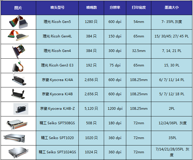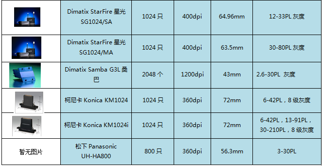 2015印花工業(yè)噴頭參數(shù)對比
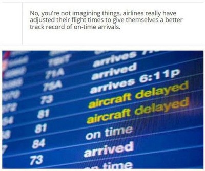 1.這不完全是你的想像,航空公司確實會「調整」航班時間,讓抵達告示板好看一些
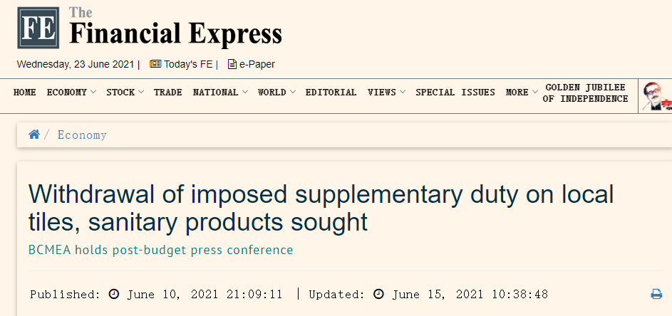 According to the Financial Express, Lub Bangladesh Ceramic manufacturers thiab cov neeg xa khoom ua ke (BCMEA), in a press conference on the national budget for the new fiscal year (2021-2022), raised the demand for higher tariffs on imported foreign tiles and sanitary ware to protect the local industry.
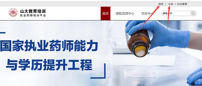 1、進(jìn)入官網(wǎng):(點(diǎn)擊進(jìn)入>)點(diǎn)擊右側(cè)“執(zhí)業(yè)藥師能力與學(xué)歷提升”;
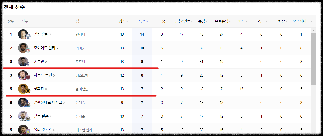 📌 또한 곧 12월 말에 프리미어리그 박싱데이가 펼쳐질 예정이기 때문에 황희찬은 지금과 같은 폼을 잘 유지하며 체력적인 부분과 부상에 주의해야 할 것입니다.
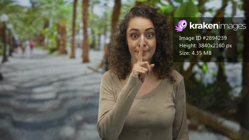 Woman finger to chest on a street with palm trees, gazing sideways with a small smile; hesitation reservation.
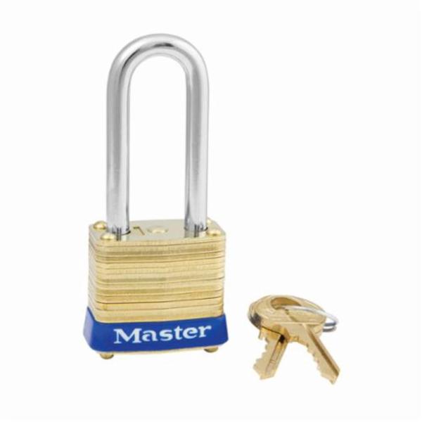 Master Lock® Safety Padlock, Non-Rekeyable Rectangular, Keyed Different Key, Laminated Brass Body, 3/16 in Shackle Diameter, 1-1/2 in Shackle Height, 1/2 in Shackle Width, Steel Shackle, 1-1/8 in Body Width, 1-1/8 in Body Height, 1/2 in Body Thickness, Dual Locking Lever/4-Pin Tumbler Cylindrical Locking Mechanism, Brass, 1 Bumpers
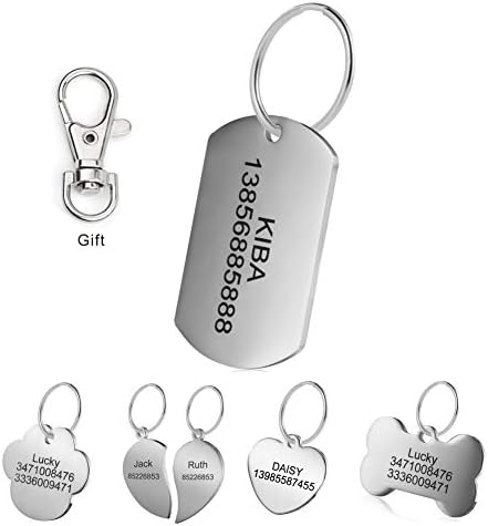 LYL Acier Inoxydable Pet ID Tags personnalisé personnalisée Dog Tags gravé Avant/arrière pour Chien et Chat avec différentes Formes (M, Rectangle)

^^^^^^^^

PROBLEM STATEMENT:
Write out every entry exactly. Pictures do not belong in the copy.

EXERCISE RESULT:
 2015印花工業(yè)噴頭參數(shù)對比
 1.這不完全是你的想像,航空公司確實會「調整」航班時間,讓抵達告示板好看一些
 According to the Financial Express, Lub Bangladesh Ceramic manufacturers thiab cov neeg xa khoom ua ke (BCMEA), in a press conference on the national budget for the new fiscal year (2021-2022), raised the demand for higher tariffs on imported foreign tiles and sanitary ware to protect the local industry.
 1、進(jìn)入官網(wǎng):(點(diǎn)擊進(jìn)入>)點(diǎn)擊右側(cè)“執(zhí)業(yè)藥師能力與學(xué)歷提升”;
 📌 또한 곧 12월 말에 프리미어리그 박싱데이가 펼쳐질 예정이기 때문에 황희찬은 지금과 같은 폼을 잘 유지하며 체력적인 부분과 부상에 주의해야 할 것입니다.
 Woman finger to chest on a street with palm trees, gazing sideways with a small smile; hesitation reservation.
 Master Lock® Safety Padlock, Non-Rekeyable Rectangular, Keyed Different Key, Laminated Brass Body, 3/16 in Shackle Diameter, 1-1/2 in Shackle Height, 1/2 in Shackle Width, Steel Shackle, 1-1/8 in Body Width, 1-1/8 in Body Height, 1/2 in Body Thickness, Dual Locking Lever/4-Pin Tumbler Cylindrical Locking Mechanism, Brass, 1 Bumpers
 LYL Acier Inoxydable Pet ID Tags personnalisé personnalisée Dog Tags gravé Avant/arrière pour Chien et Chat avec différentes Formes (M, Rectangle)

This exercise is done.